Data records:
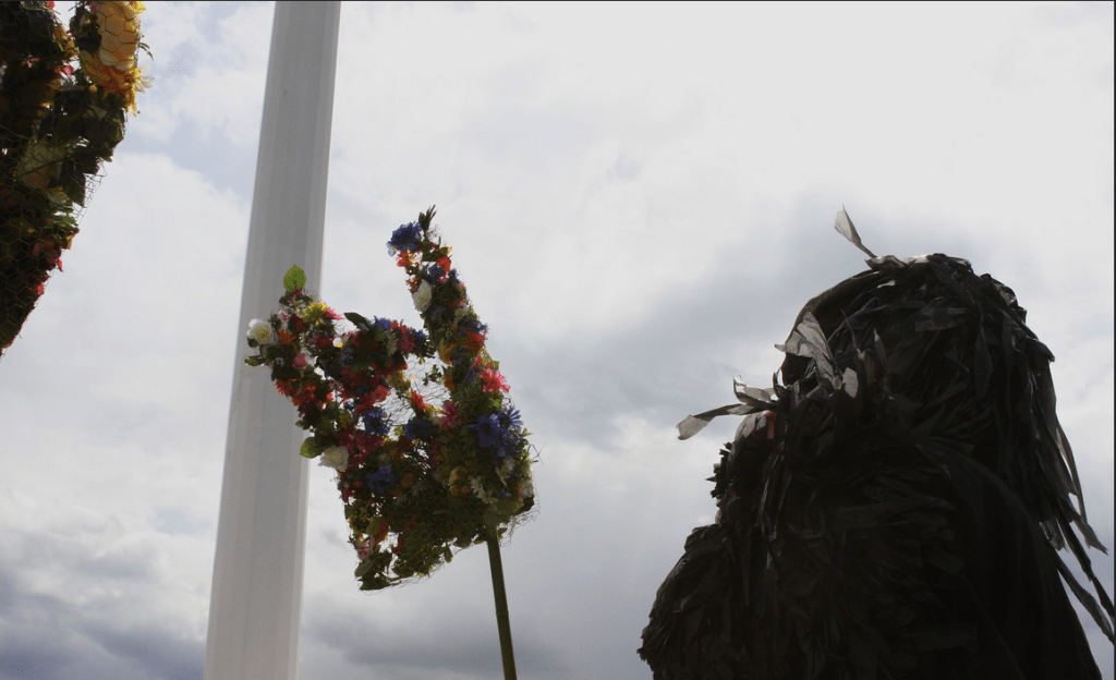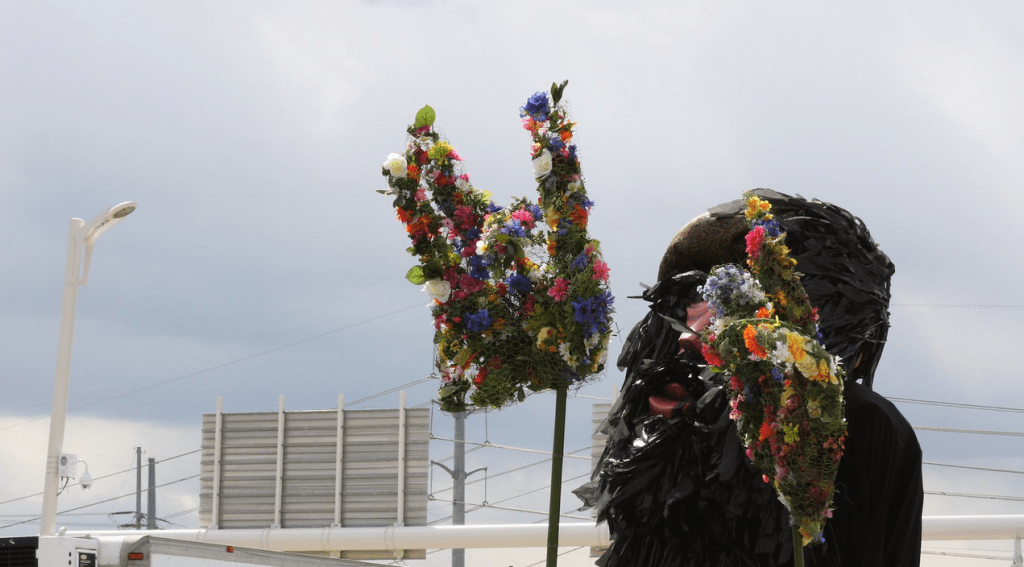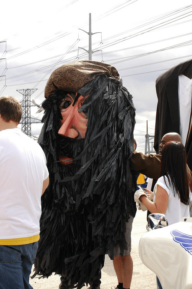 Due to the strong winds and the weight of his beard, Julien’s neck snapped before reaching the bridge. He stayed behind and found himself at the back of the parade line for last-minute repairs.
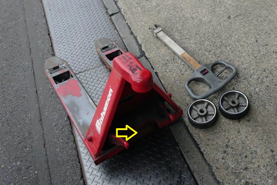 - ハンドリフトが上がらなくなり、荷物を持ち上げられない
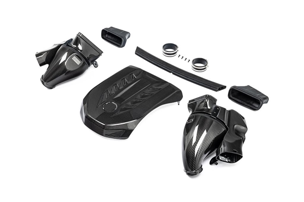 Filterhusene består af deres specialdesignede Gen 2 filtre, aluminiumsindsugningsskåle og rustfri stålbeslag. Carbonhylsteret omslutter det omvendt monterede filter og former luftstrømmen glat ned til OEM turboindløbene. Dette ændrer luftstrømsvejen fra OEM-luftboksen, hvor luftstrømmen går ind i bunden af boksen, ændrer retning med 90 grader gennem panelet og igen med 90 grader gennem røret. deres system er meget mere direkte med luftstrøm, der går ind foran i filterhuset og videre ind i turboindløbet uden pludselige retningsændringer. Resultatet er en glattere vej fra filter til turbo, hvilket betyder mindre modstand.
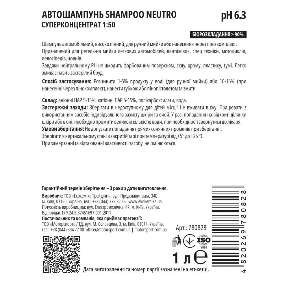 Особливості: Ekokemika — італійський бренд, відомий своїми професійними засобами для догляду за автомобілем. Продукти бренду розроблені з урахуванням сучасних технологій і забезпечують високу якість очищення. Шампунь Pro Line SHAMPOO NEUTRO ідеально підходить для регулярного використання та професійної мийки автомобілів.
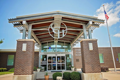 Outside shot of the main entrance to Concho County Hospital.
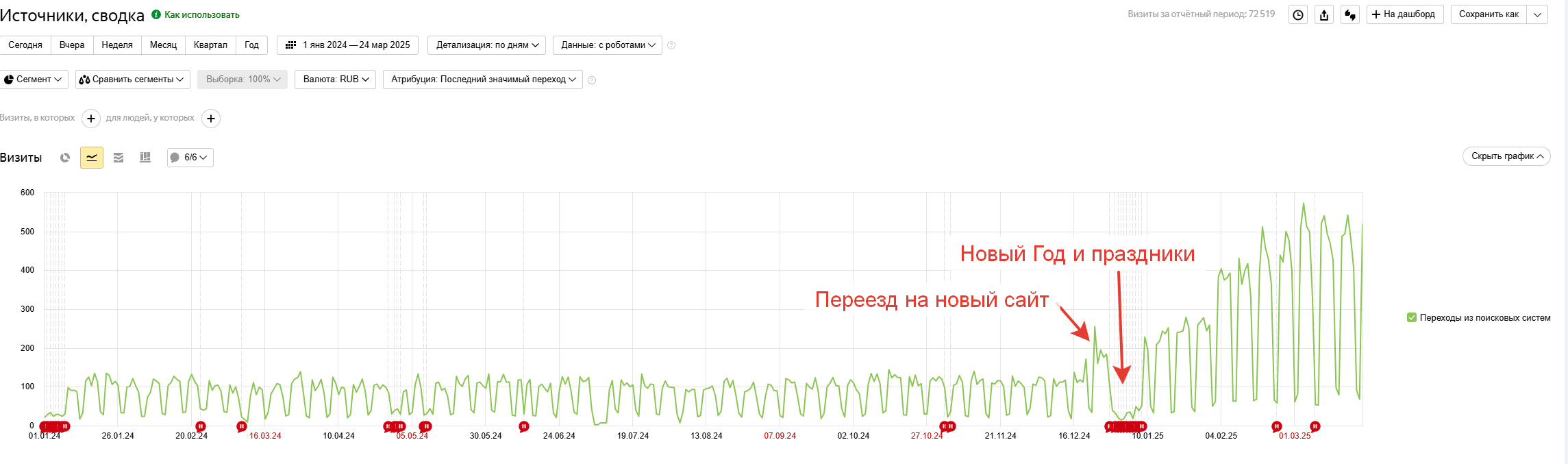 Рост трафика. Падение связано с низким сезоном — новогодними праздниками.
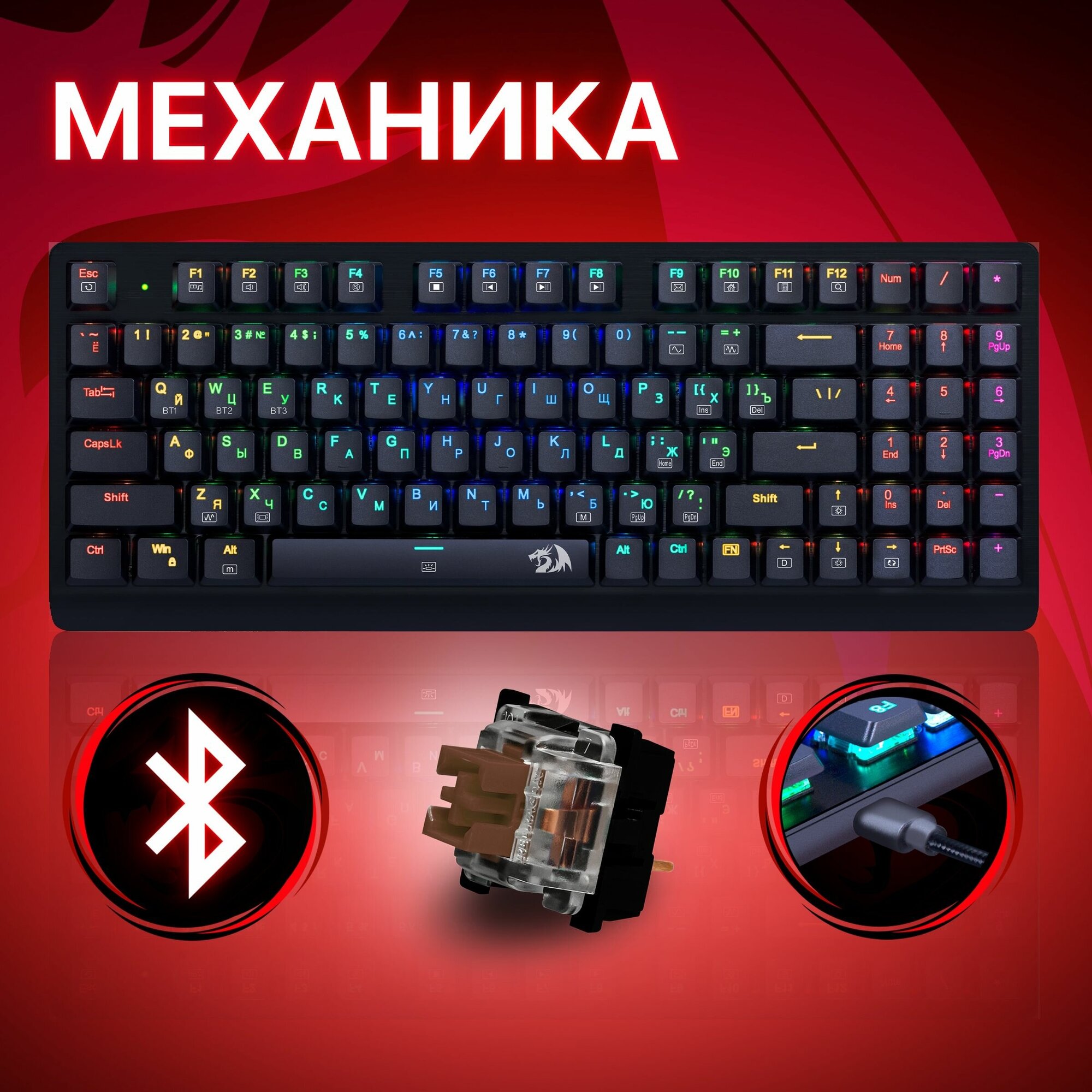 Игровая клавиатура механическая Redragon Fizz Радужная тихая, черно-красная компактная (60%) 2 308 ₽ Подробнее
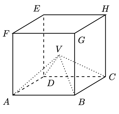 Na figura, estão representados o cubo $[A B C D E F G H]$ e a pirâmide $[A B C D V]$
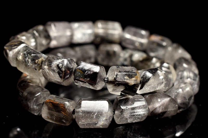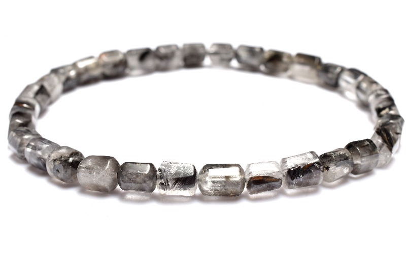 【1点物】AA+☆希少形状 プラチナタイチンルチルクォーツ 5-6x4-4.5mm チューブカット ブレスレット _MC2084
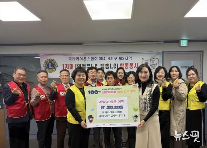 (뉴스핏 = 김호 기자) 의정부시 신곡2동주민센터는 11월 18일 국제라이온스협회 354-H 2지역 1지대가 성금 100만 원을 기탁하며 ‘100일간 사랑릴레이 배턴 잇기’에 동참했다고 밝혔다.
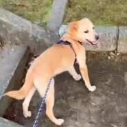 お散歩練習は5月中旬から始めましたが、まだハーネスの装置が苦手です。お散歩とトイレは練習中です。
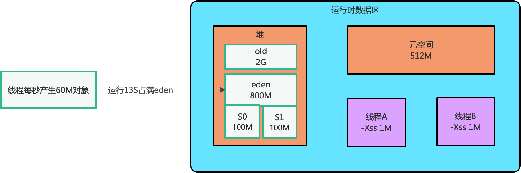 - 线程运行每秒产生 60M 对象,大概运行 13 秒就会占满 Eden 区,前 12 秒产生的对象在做一个 minor gc 后被当作垃圾对象处理掉,第 13 秒产生的对象不是垃圾对象,会被放到 S0 区。

THE TASK —
Write the records out once more, exactly as they appear, with no pictures.

SOLUTION TO THIS PROBLEM —
 Due to the strong winds and the weight of his beard, Julien’s neck snapped before reaching the bridge. He stayed behind and found himself at the back of the parade line for last-minute repairs.
 - ハンドリフトが上がらなくなり、荷物を持ち上げられない
 Filterhusene består af deres specialdesignede Gen 2 filtre, aluminiumsindsugningsskåle og rustfri stålbeslag. Carbonhylsteret omslutter det omvendt monterede filter og former luftstrømmen glat ned til OEM turboindløbene. Dette ændrer luftstrømsvejen fra OEM-luftboksen, hvor luftstrømmen går ind i bunden af boksen, ændrer retning med 90 grader gennem panelet og igen med 90 grader gennem røret. deres system er meget mere direkte med luftstrøm, der går ind foran i filterhuset og videre ind i turboindløbet uden pludselige retningsændringer. Resultatet er en glattere vej fra filter til turbo, hvilket betyder mindre modstand.
 Особливості: Ekokemika — італійський бренд, відомий своїми професійними засобами для догляду за автомобілем. Продукти бренду розроблені з урахуванням сучасних технологій і забезпечують високу якість очищення. Шампунь Pro Line SHAMPOO NEUTRO ідеально підходить для регулярного використання та професійної мийки автомобілів.
 Outside shot of the main entrance to Concho County Hospital.
 Рост трафика. Падение связано с низким сезоном — новогодними праздниками.
 Игровая клавиатура механическая Redragon Fizz Радужная тихая, черно-красная компактная (60%) 2 308 ₽ Подробнее
 Na figura, estão representados o cubo $[A B C D E F G H]$ e a pirâmide $[A B C D V]$
 【1点物】AA+☆希少形状 プラチナタイチンルチルクォーツ 5-6x4-4.5mm チューブカット ブレスレット _MC2084
 (뉴스핏 = 김호 기자) 의정부시 신곡2동주민센터는 11월 18일 국제라이온스협회 354-H 2지역 1지대가 성금 100만 원을 기탁하며 ‘100일간 사랑릴레이 배턴 잇기’에 동참했다고 밝혔다.
 お散歩練習は5月中旬から始めましたが、まだハーネスの装置が苦手です。お散歩とトイレは練習中です。
 - 线程运行每秒产生 60M 对象,大概运行 13 秒就会占满 Eden 区,前 12 秒产生的对象在做一个 minor gc 后被当作垃圾对象处理掉,第 13 秒产生的对象不是垃圾对象,会被放到 S0 区。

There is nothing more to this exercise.